Bolid Tolemana był w sezonie '84 słabym samochodem. A mimo to, podczas wyścigu w Monako Sennie udało się zaistnieć. Podczas deszczu Senna dojechał w skróconym do 31 okrążeń wyścigu na drugim miejscu. Gdyby jechali dłużej pewnie jadący przed nim Prost nie miałby szans. Widząc ogromny potencjał Lotus zaoferował Sennie miejsce w kokpicie na sezon '85. Dzięki ojcu Sennie udało się wykupić z umowy podpisanej z Tolemanem i tak Brazylijczyk trafił do topowego zespołu.

Już w drugim wyścigu za sterami Lotusa w 1985 roku udało się wygrać. Bezkompromisowy styl jazdy pozwalał mu często walczyć ze starszymi i dużo bardziej doświadczonymi kolegami. W 1988 roku zmienił zespół i zaczął jeździć w barwach McLarena, a jego kolegą był Alain Prost. Jednak to właśnie Senna zdominował cały sezon i świat Formuły 1. Wygrał osiem wyścigów i zdobył swój pierwszy tytuł Mistrza Świata F1. Rok później został wicemistrzem, tytuł trafił w ręce Prosta. W 1990 roku Senna znowu wywalczył sobie tytuł Mistrza Świata! Historia powtórzyła się rok później - stał się niedościgniony. Drugiego w klasyfikacji generalnej Mansela wyprzedził aż o 24 punkty.

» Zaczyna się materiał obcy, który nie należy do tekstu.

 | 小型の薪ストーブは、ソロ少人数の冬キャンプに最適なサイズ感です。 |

Kolejne lata to coraz słabsza forma bolidów McLarena. Również współpraca z nowym zespołem Williams-Renault nie układała się zbyt pomyślnie.

Czarny weekend

1 maja 1994 roku. Najbardziej czarny weekend w historii F1. Już podczas treningu Rubens Barrichello miał bardzo poważny wypadek - wleciał w stos opon, złamał rękę i nos. Na tym nie koniec. Roland Ratzenberger podczas kwalifikacji przy prędkości około 320 km/h i uderzył frontalnie w betonową ścianę. Austriaka przewieziono do szpitala w Bolonii. Nieco później było już wiadomo, że nie żyje.

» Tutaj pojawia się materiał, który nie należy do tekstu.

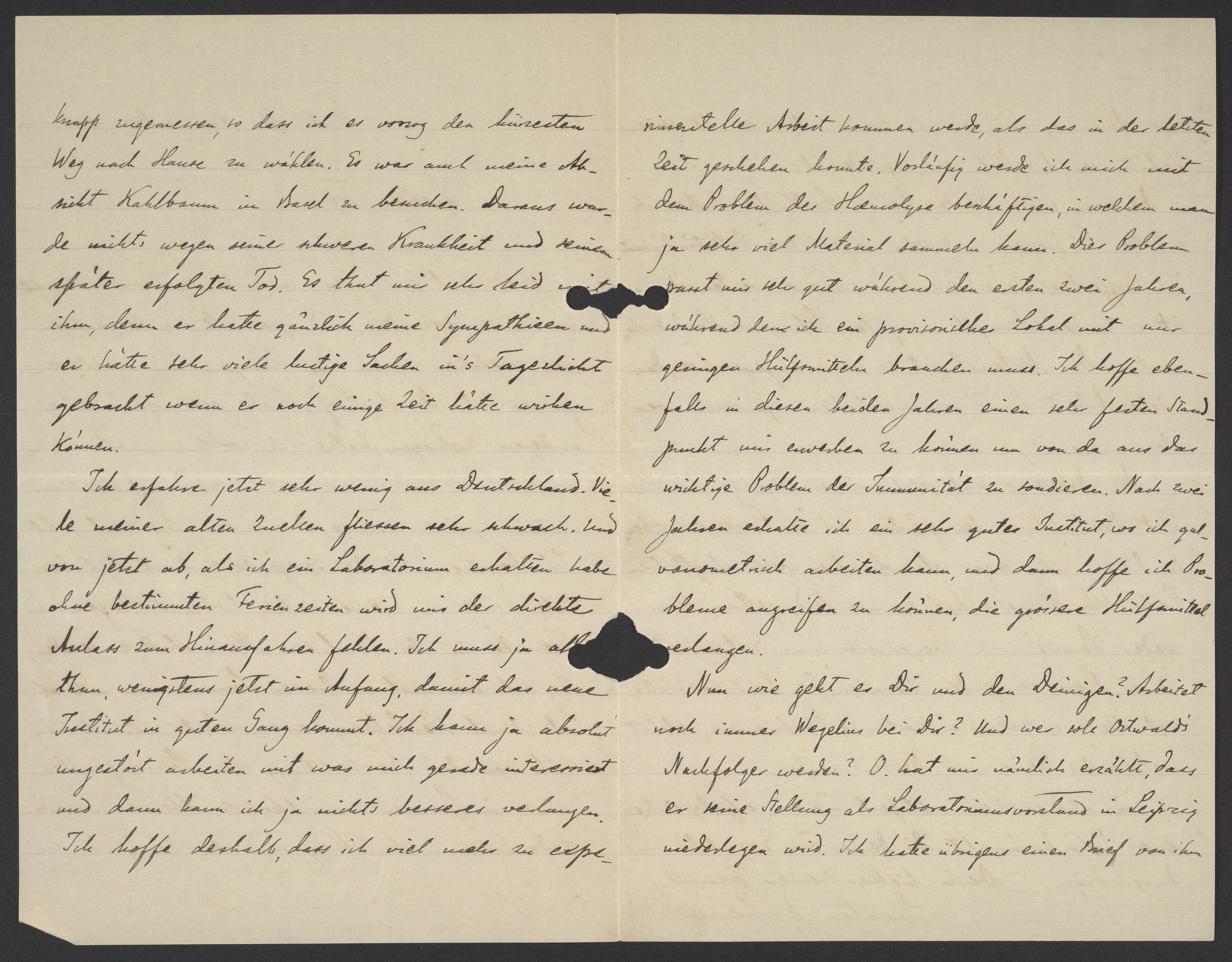 war zu Knapp gewesen, so dass ich es vorzog den kürzesten Weg nach Hause zu wählen. Es war auch meine Absicht Kahlbaum in Basel zu besuchen. Daraus wurde nichts wegen seiner schweren Krankheit und seinem später erfolgten Tod. Es that mir sehr leid mit ihm, denn er hatte gänzlich meine Sympathieen und er hätte sehr viele lustige Sache in’s Tagelicht gebracht wenn er noch einige Zeit hätte wirken können. Ich erfahre jetzt sehr wenig aus Deutschland. Viele meiner alten Quellen fliessen sehr schwach. Und von jetzt ab, als ich ein Laboratorium erhalten habe ohne bestimmten Ferienzeiten wird uns der direkte Anlass zum Hinauffahren fehlen. Ich muss jetzt alles thun, wenigsten im Anfang, damit das neue Institut im guten Gang kommt. Ich kann ja absolut ungestört mit was mich gerade interessiert und darum kann ich ja nichts besseres verlangen. Ich hoffe deshalb, dass ich viel mehr zu

Mimo to, dzień później wyścig się odbył. Wystartowano jak zwykle o godzinie 14. Senna był na czele. Już w pierwszej minucie wyścigu doszło do poważnego wypadku. Jedno z kół bolidu odleciało i zraniło 9 osób na widowni. Na tor wyjechał Safety Car. Schumacher i Senna szybko oddalili się od reszty stawki. W szóstej rundzie w zakręcie Tamburello Senna wypadł z toru i uderzył w betonowy mur... W trakcie transportu Senny śmigłowcem do szpitala dwa razy ustała praca serca kierowcy. Na torze wznowiono wyścig. W bolidzie Alboreto źle zamontowano koło, które odrywając się zraniło dwóch mechaników. Wyścig wygrał Schumacher, drugi był Larini trzeci Hakkinen.

 

O 16:30 dotarła informacja o stanie Senny. Wieści nie były dobre. Uszkodzenia mózgu, tętnicy skroniowej, głęboka śpiączka. O godzinie 18:05 stwierdzono śmierć kliniczną. O 18:40 akcja serca ustała. Senna nie żyje. W Brazylii ogłoszono trzy dni żałoby narodowej. Pogrzeb kierowcy odbył się 5 maja 1994 na cmentarzu w Sao Paulo. Transmitowały go stacje telewizyjne na całym świecie.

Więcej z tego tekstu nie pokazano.